# Assignment
Copy out the listing in full, exactly as written, but not its pictures.

# Data block

....

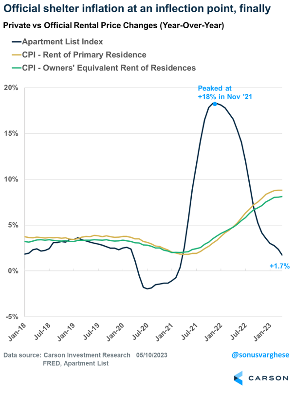 - The good news is housing inflation appears to be at an inflection point and is likely to drive core inflation lower in the second half of 2023.
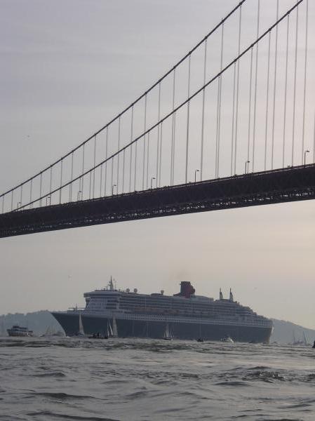 The Queen Mary 2 passes under the Golden Gate Bridge
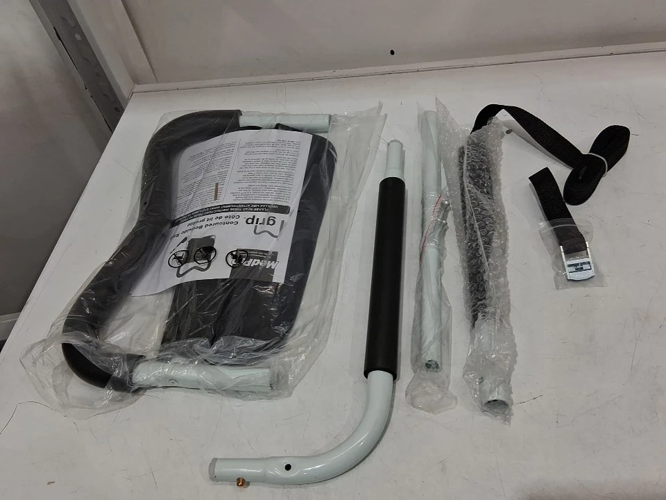 This MedPro M-Grip bed rail for elderly adults is designed for safety and convenience. πŸ›οΈπŸ‘΅ It features a dual-grip assist bar with a storage pouch and adjustable bedside fall prevention, fitting king, queen, full, and twin mattresses. πŸ“πŸ›οΈ This item is new and has never been used. βœ¨πŸ†• Key features include: * Dual-Leverage M-Shape Handle πŸ’ͺ * Soft-side storage pouch πŸ›οΈ * Adjustable Height ⬆️⬇️ * Ultra-Durable πŸ›‘οΈ

....

# Exercise solution
 - The good news is housing inflation appears to be at an inflection point and is likely to drive core inflation lower in the second half of 2023.
 The Queen Mary 2 passes under the Golden Gate Bridge
 This MedPro M-Grip bed rail for elderly adults is designed for safety and convenience. πŸ›οΈπŸ‘΅ It features a dual-grip assist bar with a storage pouch and adjustable bedside fall prevention, fitting king, queen, full, and twin mattresses. πŸ“πŸ›οΈ This item is new and has never been used. βœ¨πŸ†• Key features include: * Dual-Leverage M-Shape Handle πŸ’ͺ * Soft-side storage pouch πŸ›οΈ * Adjustable Height ⬆️⬇️ * Ultra-Durable πŸ›‘οΈ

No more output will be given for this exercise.